Beginning with the line containing "東京藝術大学は藝術・音楽など" and ending with the line containing "Vestido pichi para", write out each line of the records below exactly; pictures and lines outside that range are left out.

(Stored entries)
************

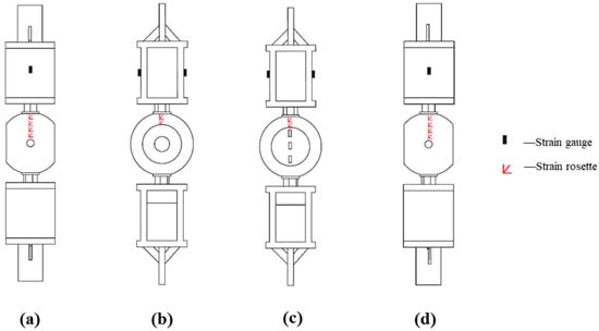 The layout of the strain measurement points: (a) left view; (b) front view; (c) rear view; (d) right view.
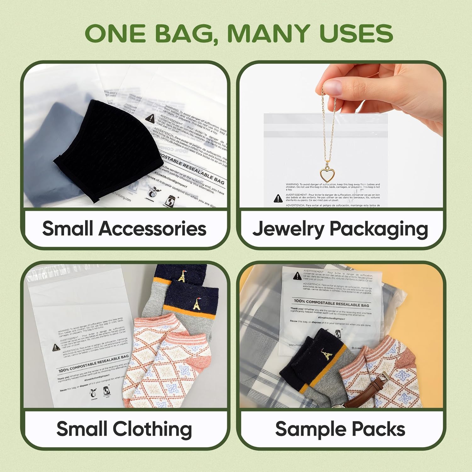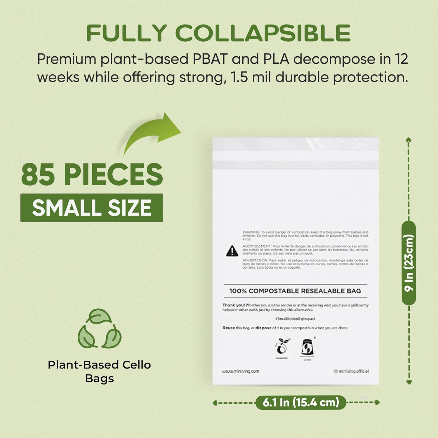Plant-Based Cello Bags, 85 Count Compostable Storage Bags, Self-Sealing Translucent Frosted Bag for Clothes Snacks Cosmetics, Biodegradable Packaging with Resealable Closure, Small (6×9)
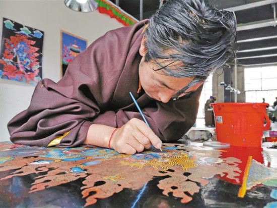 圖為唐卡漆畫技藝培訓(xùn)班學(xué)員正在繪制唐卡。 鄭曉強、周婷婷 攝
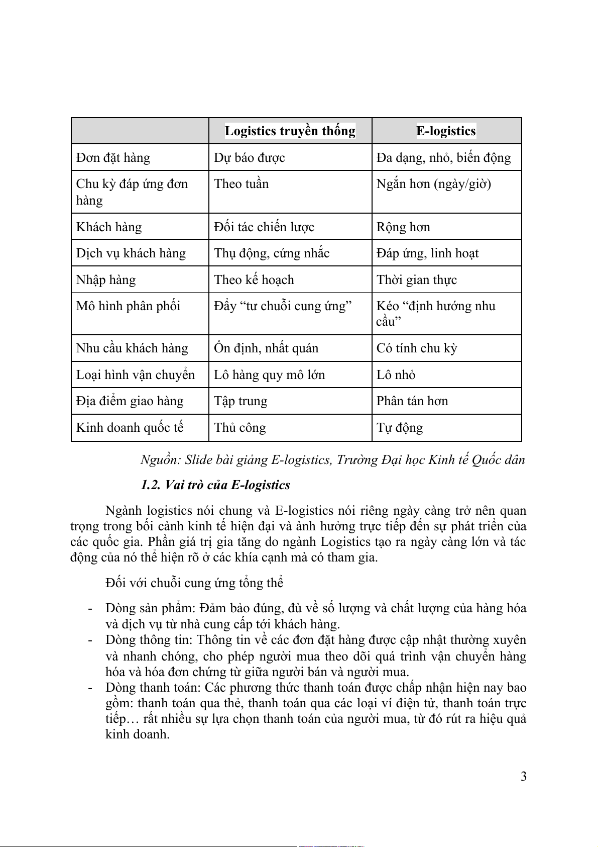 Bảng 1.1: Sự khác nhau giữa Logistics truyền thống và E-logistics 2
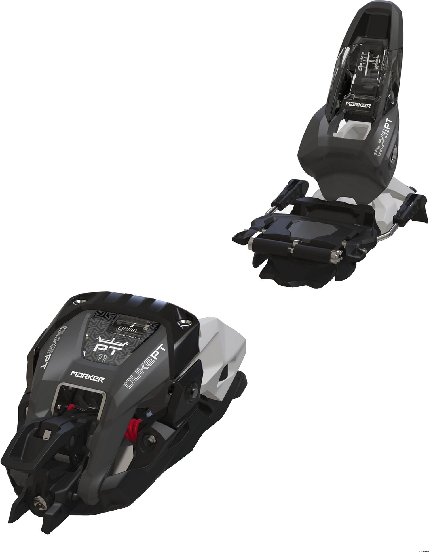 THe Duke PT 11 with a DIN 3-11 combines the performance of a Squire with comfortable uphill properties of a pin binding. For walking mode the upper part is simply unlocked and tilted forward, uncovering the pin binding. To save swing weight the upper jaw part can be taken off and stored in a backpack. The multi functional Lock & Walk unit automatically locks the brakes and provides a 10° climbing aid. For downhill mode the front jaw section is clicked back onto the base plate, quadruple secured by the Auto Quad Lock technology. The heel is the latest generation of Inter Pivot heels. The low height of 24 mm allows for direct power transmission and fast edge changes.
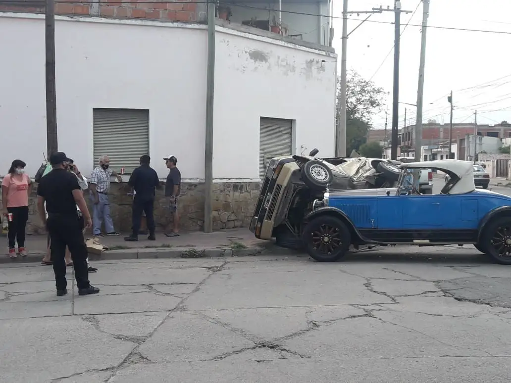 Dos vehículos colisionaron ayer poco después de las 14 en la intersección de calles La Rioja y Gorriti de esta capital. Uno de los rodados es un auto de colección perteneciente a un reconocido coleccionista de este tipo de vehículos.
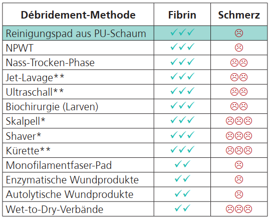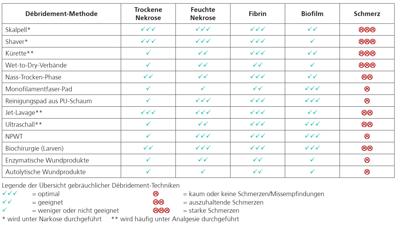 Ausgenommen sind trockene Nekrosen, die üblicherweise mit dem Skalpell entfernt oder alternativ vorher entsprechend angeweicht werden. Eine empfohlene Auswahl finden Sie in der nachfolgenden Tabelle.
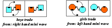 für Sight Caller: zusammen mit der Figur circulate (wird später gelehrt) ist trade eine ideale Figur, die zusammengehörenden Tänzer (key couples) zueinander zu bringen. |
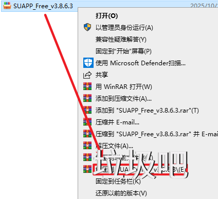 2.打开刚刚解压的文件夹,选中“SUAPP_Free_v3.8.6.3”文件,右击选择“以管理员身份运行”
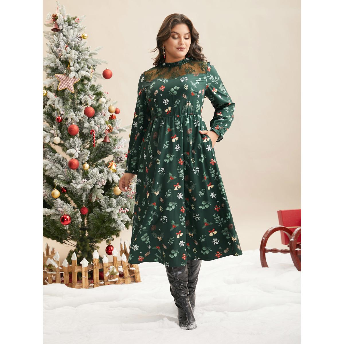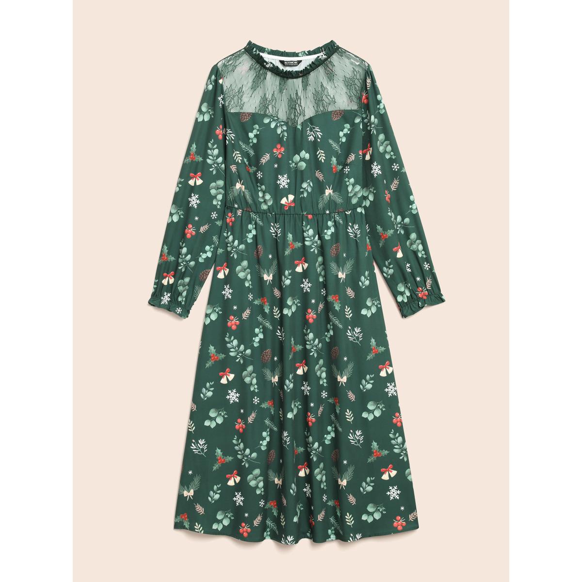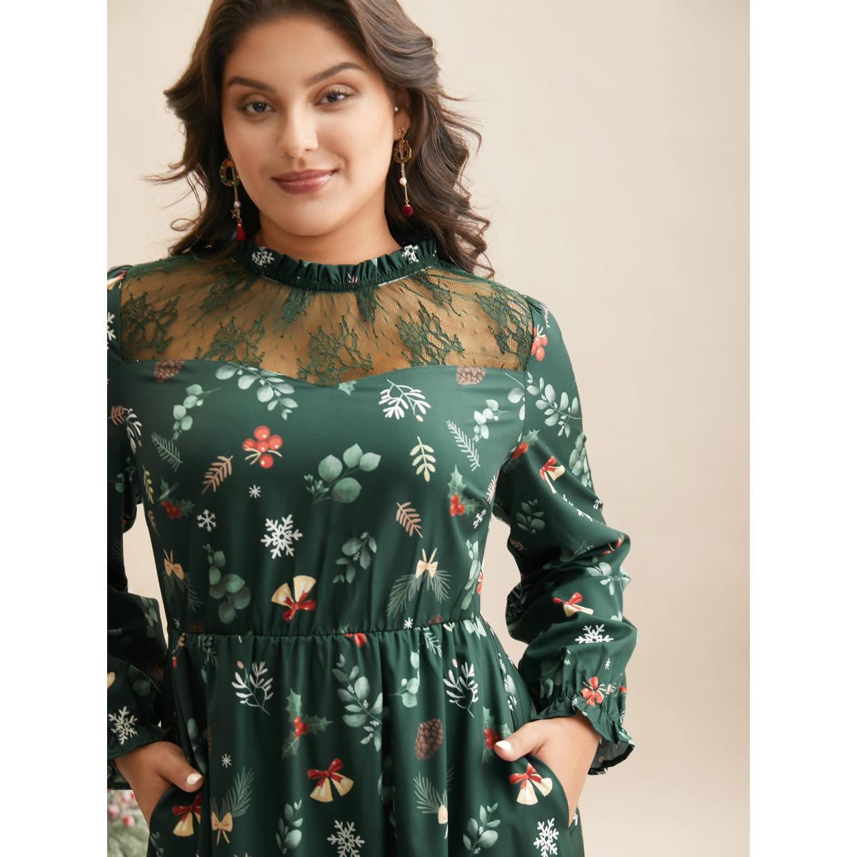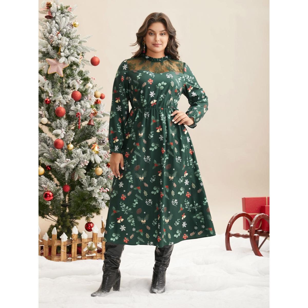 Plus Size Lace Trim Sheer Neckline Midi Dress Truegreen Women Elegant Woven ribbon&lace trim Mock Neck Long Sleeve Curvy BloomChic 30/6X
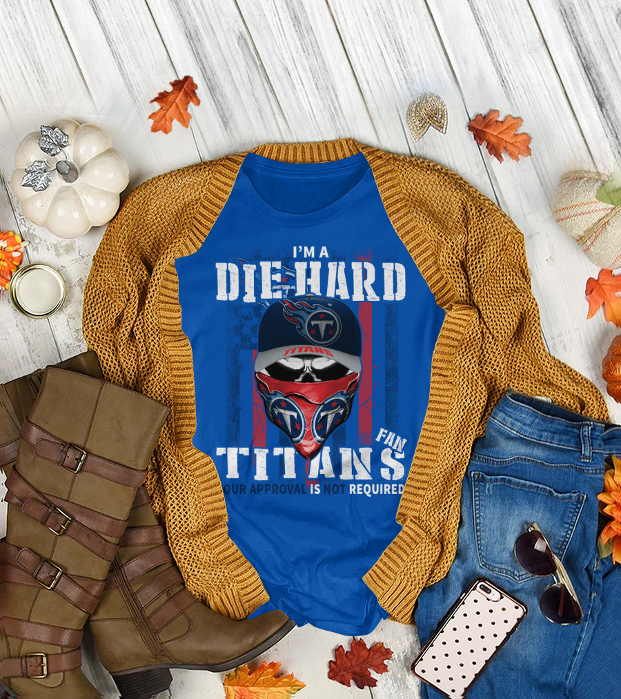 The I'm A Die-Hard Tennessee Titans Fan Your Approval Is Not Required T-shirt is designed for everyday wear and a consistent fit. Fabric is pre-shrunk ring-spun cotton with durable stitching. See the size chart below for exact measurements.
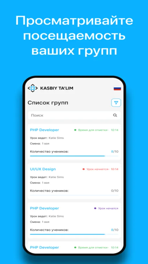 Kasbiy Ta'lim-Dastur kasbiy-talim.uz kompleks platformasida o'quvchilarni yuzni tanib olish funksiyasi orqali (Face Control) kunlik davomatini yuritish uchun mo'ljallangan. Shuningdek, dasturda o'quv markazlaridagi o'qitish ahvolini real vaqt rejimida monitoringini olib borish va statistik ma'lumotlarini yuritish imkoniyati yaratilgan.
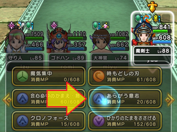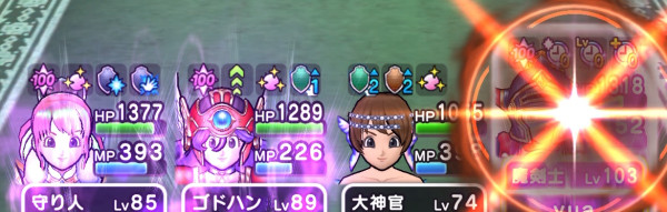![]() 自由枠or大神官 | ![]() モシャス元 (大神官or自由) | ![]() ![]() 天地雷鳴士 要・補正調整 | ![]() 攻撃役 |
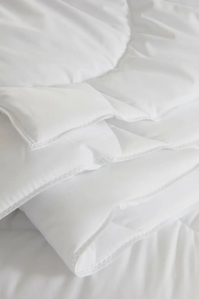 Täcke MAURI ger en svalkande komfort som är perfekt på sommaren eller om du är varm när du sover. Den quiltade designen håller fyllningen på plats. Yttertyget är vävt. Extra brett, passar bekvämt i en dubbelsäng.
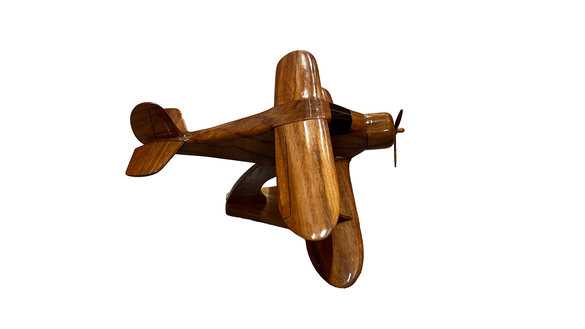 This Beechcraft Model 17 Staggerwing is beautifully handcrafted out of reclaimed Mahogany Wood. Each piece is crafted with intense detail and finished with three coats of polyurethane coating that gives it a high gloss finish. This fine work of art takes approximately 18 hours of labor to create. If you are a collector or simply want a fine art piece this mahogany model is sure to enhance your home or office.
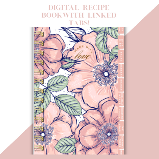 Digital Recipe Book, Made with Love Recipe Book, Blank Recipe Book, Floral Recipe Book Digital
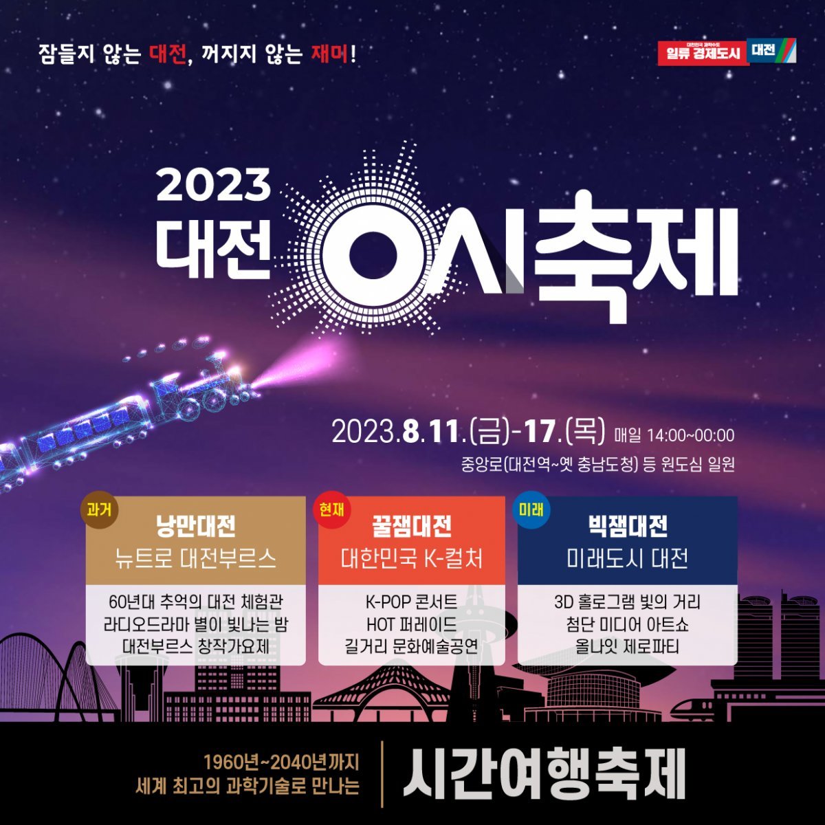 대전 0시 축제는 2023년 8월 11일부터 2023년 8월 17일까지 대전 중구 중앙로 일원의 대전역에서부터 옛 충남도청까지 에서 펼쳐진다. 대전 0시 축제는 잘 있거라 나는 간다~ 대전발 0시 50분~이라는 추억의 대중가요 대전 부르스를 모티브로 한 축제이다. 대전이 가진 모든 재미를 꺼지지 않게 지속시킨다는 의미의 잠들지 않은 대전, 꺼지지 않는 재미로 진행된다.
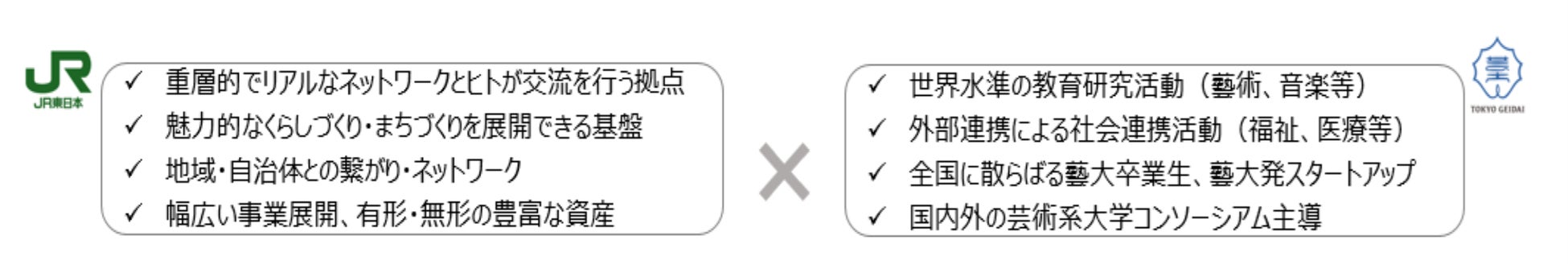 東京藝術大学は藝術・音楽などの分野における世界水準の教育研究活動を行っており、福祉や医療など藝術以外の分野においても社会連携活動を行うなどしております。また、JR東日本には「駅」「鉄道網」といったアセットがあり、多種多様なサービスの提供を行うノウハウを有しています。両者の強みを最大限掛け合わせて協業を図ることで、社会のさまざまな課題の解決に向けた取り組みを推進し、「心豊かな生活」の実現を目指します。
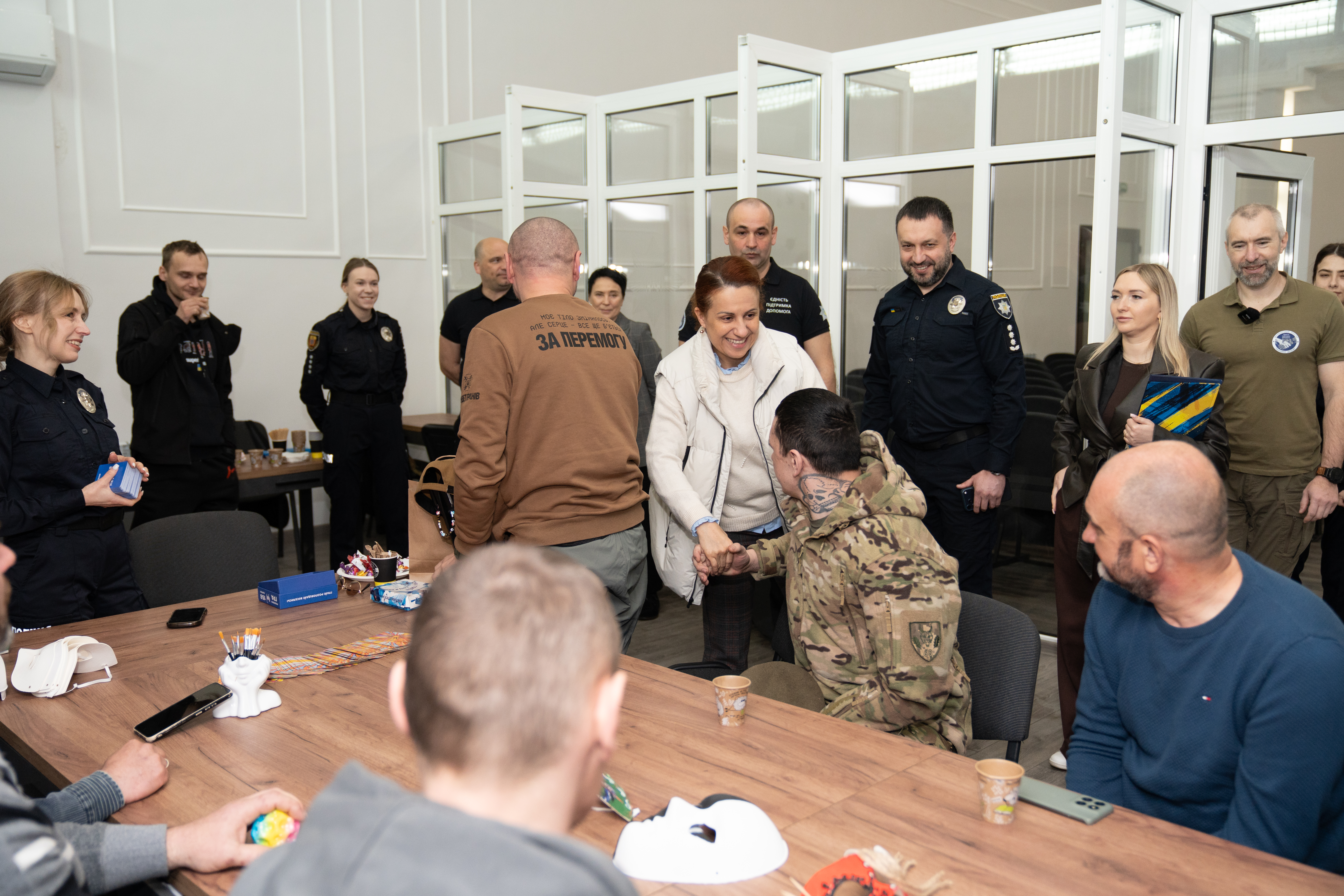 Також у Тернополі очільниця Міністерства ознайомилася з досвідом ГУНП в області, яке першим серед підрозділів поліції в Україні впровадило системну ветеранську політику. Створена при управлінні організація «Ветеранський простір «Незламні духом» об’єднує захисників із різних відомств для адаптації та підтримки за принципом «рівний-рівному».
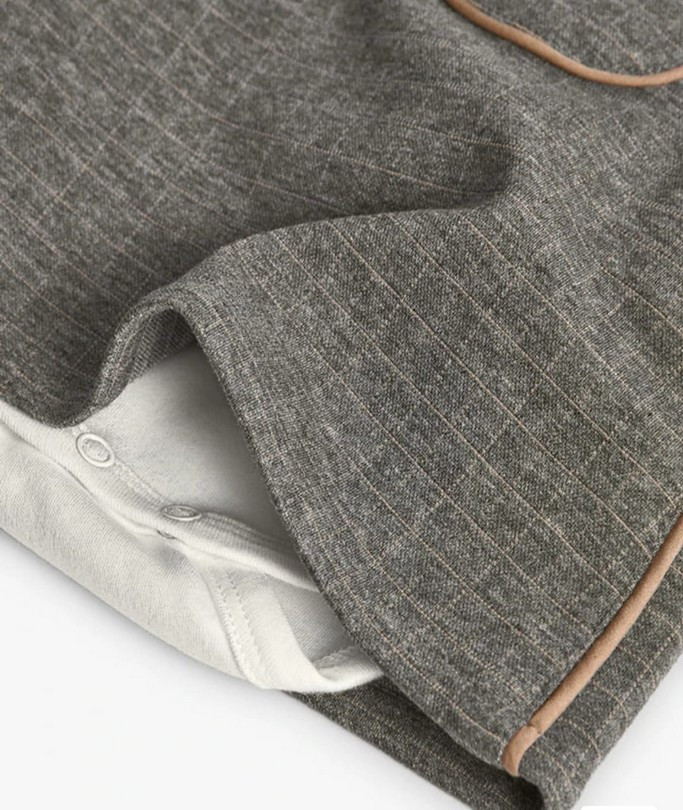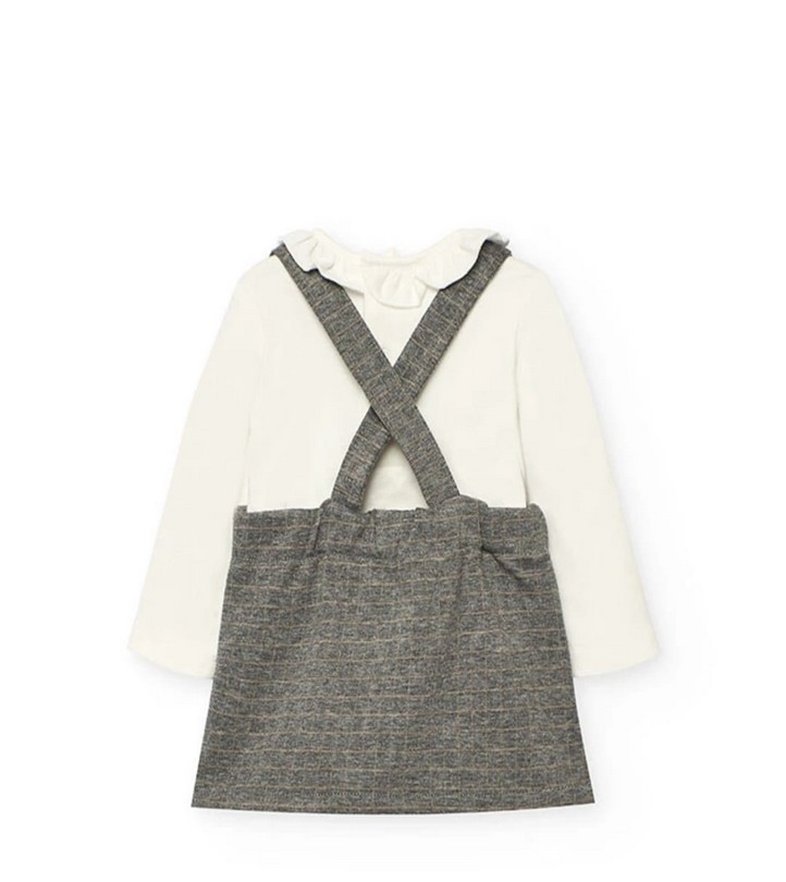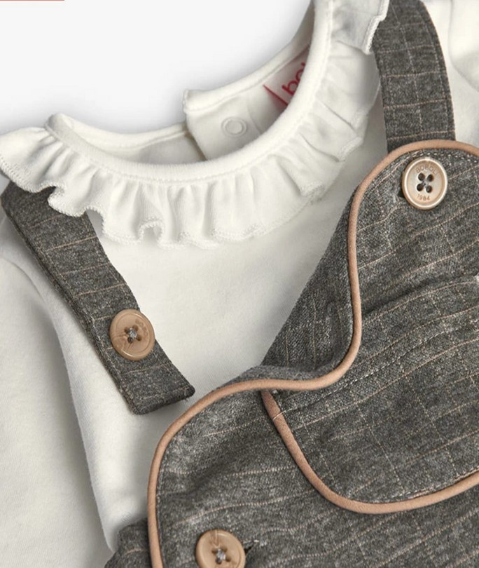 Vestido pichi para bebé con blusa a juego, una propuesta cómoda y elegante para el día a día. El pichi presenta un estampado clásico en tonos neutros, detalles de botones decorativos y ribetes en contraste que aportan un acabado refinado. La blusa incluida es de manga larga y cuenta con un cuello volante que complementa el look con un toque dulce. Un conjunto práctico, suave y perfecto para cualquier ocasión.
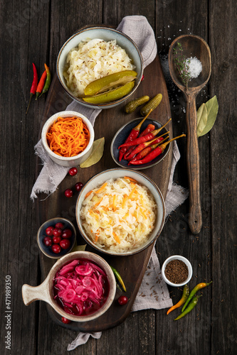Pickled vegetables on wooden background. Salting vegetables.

************

* _TASK RESPONSE_
 東京藝術大学は藝術・音楽などの分野における世界水準の教育研究活動を行っており、福祉や医療など藝術以外の分野においても社会連携活動を行うなどしております。また、JR東日本には「駅」「鉄道網」といったアセットがあり、多種多様なサービスの提供を行うノウハウを有しています。両者の強みを最大限掛け合わせて協業を図ることで、社会のさまざまな課題の解決に向けた取り組みを推進し、「心豊かな生活」の実現を目指します。
 Також у Тернополі очільниця Міністерства ознайомилася з досвідом ГУНП в області, яке першим серед підрозділів поліції в Україні впровадило системну ветеранську політику. Створена при управлінні організація «Ветеранський простір «Незламні духом» об’єднує захисників із різних відомств для адаптації та підтримки за принципом «рівний-рівному».
 Vestido pichi para bebé con blusa a juego, una propuesta cómoda y elegante para el día a día. El pichi presenta un estampado clásico en tonos neutros, detalles de botones decorativos y ribetes en contraste que aportan un acabado refinado. La blusa incluida es de manga larga y cuenta con un cuello volante que complementa el look con un toque dulce. Un conjunto práctico, suave y perfecto para cualquier ocasión.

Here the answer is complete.